The discrepancy rates for PCF, A-SP, ES, and the mumps were lower than 15.82%. The discrepancy rates of RS, EI, and herpangina were not lower than 15.82%, but lower than 28.03%. However, that of HFMD was higher than 28.03%. Therefore, we conclude that the information from PS has sufficient predictive power for PCF, A-SP, ES, and mumps. Unfortunately, the information from PS did not have sufficient predictive power for HFMD. The epidemiology of HFMD is well known to be quite irregular season-by-season. Even during the study period, high seasons occurred in 2011, 2013, and 2015, with intervening low seasons in 2012, 2014, and 2016. Therefore, prediction of the incidence of HFMD appears to be much more difficult than that of other diseases considered herein.
In Figure, we showed only the case of HFMD. As shown in Table, the prediction power for HFMD was the worst, although the two lines inFigure were apparently very similar. The figures for other diseases than HFMD should show two more closed two lines. Consequently, it may be difficult to recognize the difference between the two lines: therefore, it might not be informative. For that reason, we omit figures for other diseases.
No similar study has been reported in the relevant literature because no nationwide real-time surveillance system is comparable in preciseness to national official surveillances in any countries. An exceptional study had been conducted in Taiwan  , which used information from emergency department in nationwide and daily. However this Taiwan study did not compare it to national official surveillance and did not show prediction power in information from the emergency department.

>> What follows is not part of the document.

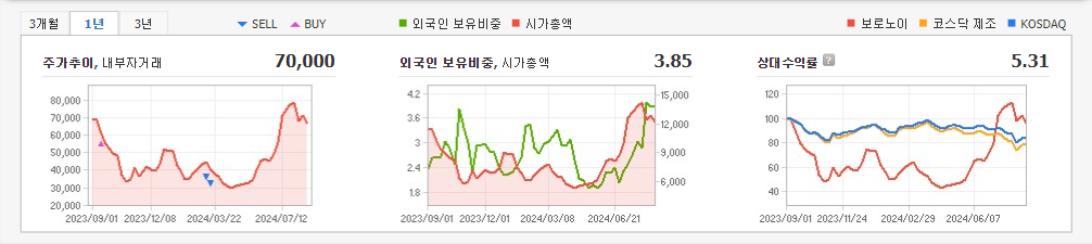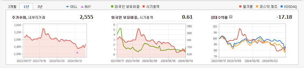 -기업 개요 및 평가- -[2024/06/03] 소재 사업의 매출액 급감 전기차와 가전제품 모터의 자석부품 원료로 사용되는 고순도 산화철을 생산함. 에너지환경분야의 플랜트와 소재사업 등도 영위하고 있음. 산회수 설비의 설계 및 시공, 운전능력을 모두 겸비하고 있는 세계 유일의 산화철 전문업체로서 고급산화철 세계시장 점유율 1위를 꾸준히 유지하고 있음. 중국의 TDG, 일본의 TDK 등 우량 고객사를 확보하고 있고, 우수한 품질의 제품을 안정적으로 공급함으로써, 업계 선두의 점유율을 유지하고 있음. 에너지환경 플랜트 사업의 매출이 늘었으나, 중탄산나트륨, Al탈산제 등 소재사업의 실적이 큰 폭으로 줄어들면서 2024년 1분기 전체 매출액은 전년동기 대비 34.1% 감소함. 환율 안정에 따른 원가율 개선과 인건비 등 판관비 절감으로 영업이익의 적자규모는 전년동기의 절반 수준으로 감소함. 전기차의 핵심부품 중 하나인 컨버터에 페라이트코어(전자석, 산화철70%)를 사용하는 신규시장이 급성장하고 있음.

This study had some limitations. First, we showed some prediction power of PS for NOSSID, but we confirmed it only at nationwide level. However we need information at a more local level, such as that of a prefecture or city. In general, prediction power in PS might decrease at the local level because the number of pharmacies participating in PS should be far smaller at a local level. Moreover, distribution of the number of pharmacies participated in PS probably reflects population distribution precisely. It might cause a variation in prediction power in PS by local area. Therefore, confirmation of prediction power in PS by prefecture or cities is anticipated as the next challenge.
Another limitation is that, although we proved some prediction power in PS in 7 - 10 days, we did not demonstrate the usefulness of such a short-term prediction. We must confirm its usefulness through operation of this system prospectively and by publishing it on a timely basis through a web site.
We examined the predictive power of PS information for common pediatric infectious diseases aside from influenza, varicella, and GI. Results demonstrated that the information from PS has sufficient predictive power for PCF, A-SP, ES, and mumps, with some predictive power for RS, EI, and herpangina. However, insufficient predictive power was shown for HFMD. For these diseases, we plan to provide incidence information to the public rapidly via the internet.